Moving Pulley Mechanics Question

Boorglar

1. The problem statement, all variables and given/known data

A string is attached on a pulley, with Mass 1 (2 kg) hanging from the left and Mass 2 (5 kg) hanging from the right. The pulley itself is being pulled upwards with a force of 100N.

Find the tension T in the string, and the accelerations of both masses.
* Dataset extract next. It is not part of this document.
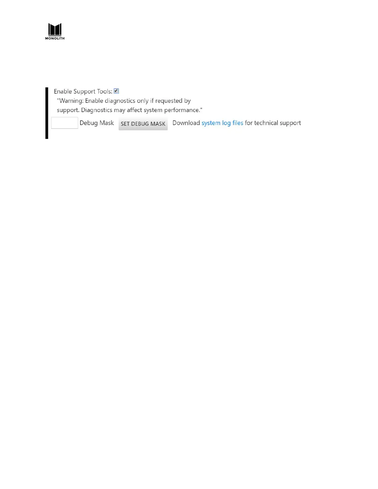 A few extra options are presented When “Enable Support Tools” is checked. These are designed to help

We consider the pulley and string to be massless, and no friction. Gravitational acceleration is g=9.8 m/s^2

F = 100N
m1 = 2kg
m2 = 5kg
a1 = acceleration of Mass 1
a2 = acceleration of Mass 2
a = acceleration of the whole system
T = tension in the string

2. Relevant equations

m1 a1 = T - m1 g
m2 a2 = T - m2 g

3. The attempt at a solution

First I found the acceleration of the system:

the total force on the system is F - (m1+m2)g (because gravity pulls it downwards). So

a = F/(m1+m2) - g.


Since the string is not extendable, the relative accelerations of the masses with respect to the pulley are equal in magnitude and with opposite signs:

a1 - a = -(a2 - a)

a2 = 2a - a1 = 2F/(m1+m2) - 2g - a1

Replacing a2 in the Relevant equations:

m1 a1 = T - m1 g
m2 [2F/(m1+m2) - 2g - a1] = T - m2 g

After solving this system for T (by multiplying the second equation by m1/m2 and adding both equations to eliminate the a1 term), I get:

T = 2m1m2F/(m1+m2)^2 = 2000/49 = 40.82 N

But the answer is supposed to be 50N. And the accelerations I get are also not the same as in the answers.

Where did I go wrong?

Doc Al

Careful with this. Here you're finding the acceleration of the center of mass of the system, which is not what you want.

Hint: If you analyze forces on the pulley, you'll immediately find the tension in the string.

Boorglar

Well, I wanted first to find the acceleration of the center of mass because I had to find the relative accelerations of m1 and m2 with respect to the moving center of mass (because they have to be opposite signs).

Isn't the formula for relative acceleration with respect to a moving system :

acceleration of the object - acceleration of the system ?

Doc Al

The acceleration of m1 and m2 with respect to the pulley are equal and opposite. But the acceleration of the pulley is not the acceleration of the center of mass.

Boorglar

Ok, well, in this case I have no idea how to solve it...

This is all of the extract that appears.